It could be argued that the block-level is too coarse a spatial scale for modelling the spread of an infectious disease. Outbreaks of VL occur on a smaller spatial and temporal scale than has been applied here, therefore cannot be anticipated by this model. The transmission dynamic models which are usually employed for this type of problem can be defined on a village, household or even individual level [37], yet this more detailed picture demands many more assumptions which are difficult to justify in this context. The sparseness of cases at this point in the elimination process also means that aggregation at a finer temporal scale might lead to issues with parameter estimation. The block is the unit at which control efforts are co-ordinated, disease burden is monitored, and control targets are set, therefore predictions at this level could prove to be a worthwhile compromise while more realistic transmission models are developed. With more detailed location data, the spread of disease can be modelled as a point process at the village or household level, potentially giving insight into the size and movement of disease clusters or “hot-spots” over time. This technique has previously been applied to the case of VL [38] and may be possible to extend to a larger study region in the near future, following a recent effort to collect GPS co-ordinates of affected villages across Bihar.

In this case the best-fitting model was found to be the best-predicting model. The similarity of prediction and fitting results perhaps reflects the continuity of the processes creating the data. However, consideration of predictive power across the whole range of possible values was key to determining an optimal temporal lag length for short-term prediction. Fit and overall predictive power favoured a high number of lags in order to best capture the spatio-temporal correlation between neighbouring block counts, which appears to contribute to prediction of sudden changes in incidence. However, auto-regression is the dominant model component and appears to be captured by lags up to four months. It would be preferable to specify a different lag length for the auto-regressive and spatial components but this is not currently implemented in the surveillance framework. By inspection of PIT histograms, we were able to select the lag length which balanced overall predictive power with capacity to predict at the upper end of the range.

The model selection approach taken in this analysis is semi-systematic; it was not feasible to assess every possible combination of model components. Therefore we aimed to home in on a suitable model by adding components which gave the biggest improvement in predictive performance out of a range of likely options. It was found that once the major components were included in some form, further adjustment largely had the effect of redistributing the variation attributed to each component and did not substantially alter fit or prediction. There is only so much information within the time series of cases to feed the model, so predictive power quickly reaches a limit.

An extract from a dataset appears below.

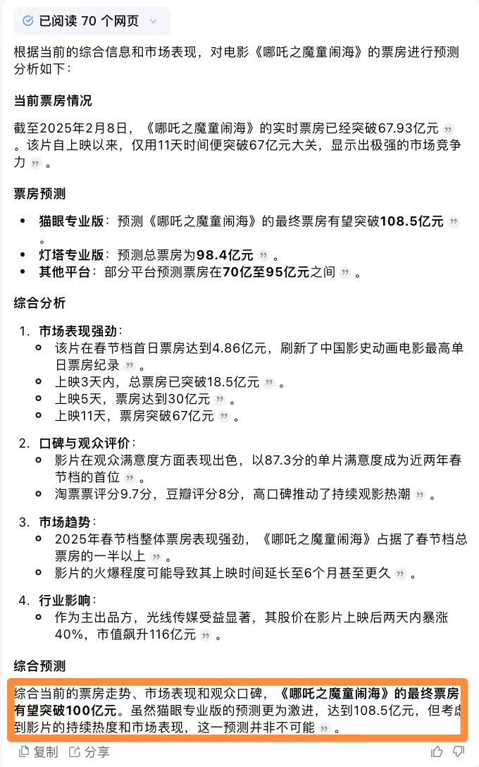 比如在预测电影《哪吒之魔童闹海》票房时,Kimi给出的答案更加完整,而且有理有据更贴近实际,DeepSeek则过于生搬硬套程式化,明显缺乏训练和分析能力,且答案竟然没有实时更新,给出了乐观预测40-50亿的答案。

The analysis presented here aims to demonstrate the best that can be done with the minimal information routinely collected by the current programme, but there is evidence that this model still cannot fully account for the heterogeneity in incidence across the region. The lack of geographic and/or demographic covariates beyond population size means that the endemic component in this model is negligible; almost all our information comes from the spatio-temporal correlations, underlining the need for up-to-date data in order to make accurate predictions. Associations between VL incidence and, for example, age and socio-economic quintiles have been demonstrated [18, 39], which may give rise to varied endemic patterns at the block level. This unknown variation could in theory be quantified by random effects within this model framework, but convergence issues (likely due to the large number of zero-counts) made this infeasible in practice.

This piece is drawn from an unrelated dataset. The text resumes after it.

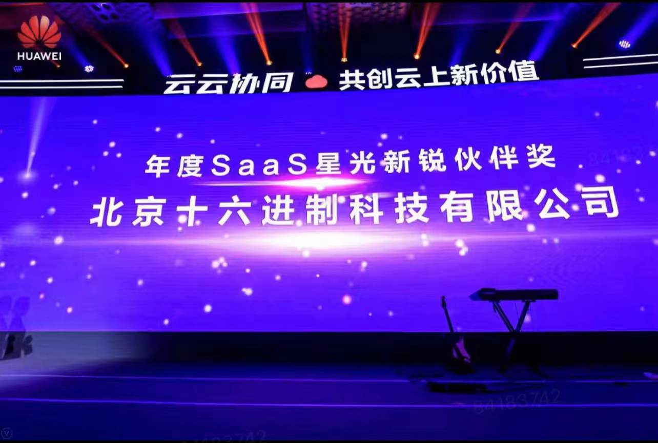 12月29日,以“云云协同,共创云上新价值”为主题的华为云创新峰会在北京举行,北京十六进制科技有限公司荣获年度SaaS星光新锐伙伴奖,公司总裁徐国贤受邀参加会议。

There is clearly a limitation of fitting such a model over a large number of highly heterogeneous units with minimal unit-specific information. Model selection was performed based on an average score over all blocks and time points for which predictions were made; a model is therefore chosen which predicts well overall, but in doing so sacrifices predictive power for a minority of blocks which do not follow the general trend. Zero counts dominate over all time and space, and the variance of the negative binomial distribution with a universal dispersion parameter is still too restrictive to account for blocks with the highest counts. It is in these areas where additional information on potential predictors of incidence could prove most valuable.

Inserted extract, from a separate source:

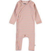 Flora is een paars, roze en rood gestreepte babypakje in een mooi naaldpatroon met lange mouwen en pijpen. Het heeft schuine drukknopen aan de voorkant en drukknopen bij het kruis.

The variation in case counts may be better explained by a zero-inflated process, and the extent of zero-inflation will likely become more prominent as elimination is approached. Bayesian hierarchical models can be used to distinguish sources of variation at different levels and have the benefit of accommodating any informal or incomplete understanding of the transmission process within prior distributions for model parameters. These models have until recently been commonly implemented using Markov Chain Monte Carlo (MCMC) [40], which is computationally intensive for data rich in both space and time. They are however becoming increasingly accessible as a tool for inference and prediction, thanks to user-friendly wrappers which take advantage of fast computation using Integrated Nested Laplace Approximations (INLA) [41]. We will explore this approach in future work.


We have demonstrated a framework for forecasting VL incidence at subdistrict level in India which achieves good predictive performance based on the available routinely collected surveillance data. This framework could be used to make short-term forecasts to provide an early indication of where case numbers are higher (or lower) than expected and to support the logistics of the elimination programme.

Supporting information

S1 Fig. Districts with unusual incidence patterns resulting in inflated dispersion estimates.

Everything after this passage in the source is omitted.